RECORDS SUPPLIED:
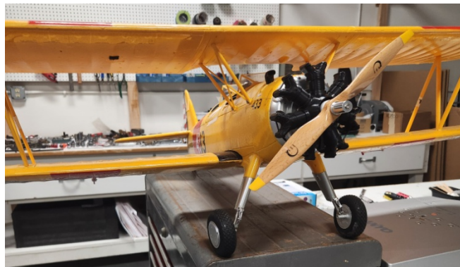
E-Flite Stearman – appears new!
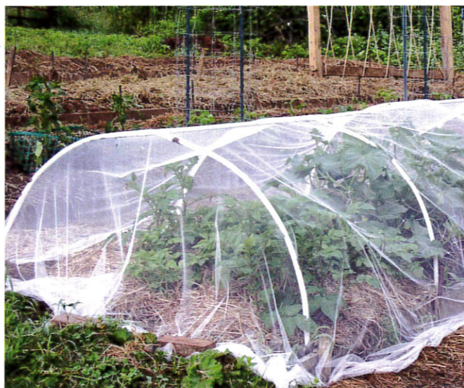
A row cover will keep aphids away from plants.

---

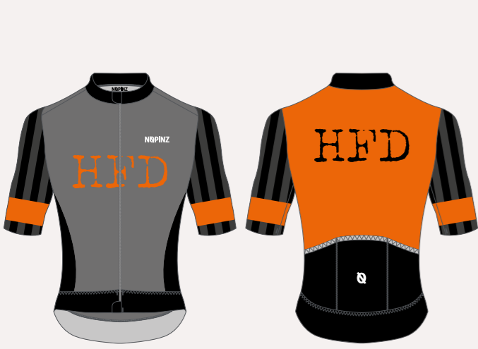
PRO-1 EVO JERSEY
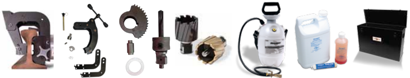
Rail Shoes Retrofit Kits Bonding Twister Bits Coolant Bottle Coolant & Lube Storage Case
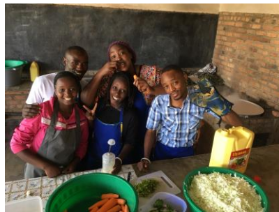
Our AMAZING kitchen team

WHAT IS BEING ASKED:
Copy only the lines above from the one containing "PRO-1 EVO JERSEY" through the one containing "Our AMAZING kitchen team", both included. Leave out the pictures.

YOUR SOLUTION:
PRO-1 EVO JERSEY
Rail Shoes Retrofit Kits Bonding Twister Bits Coolant Bottle Coolant & Lube Storage Case
Our AMAZING kitchen team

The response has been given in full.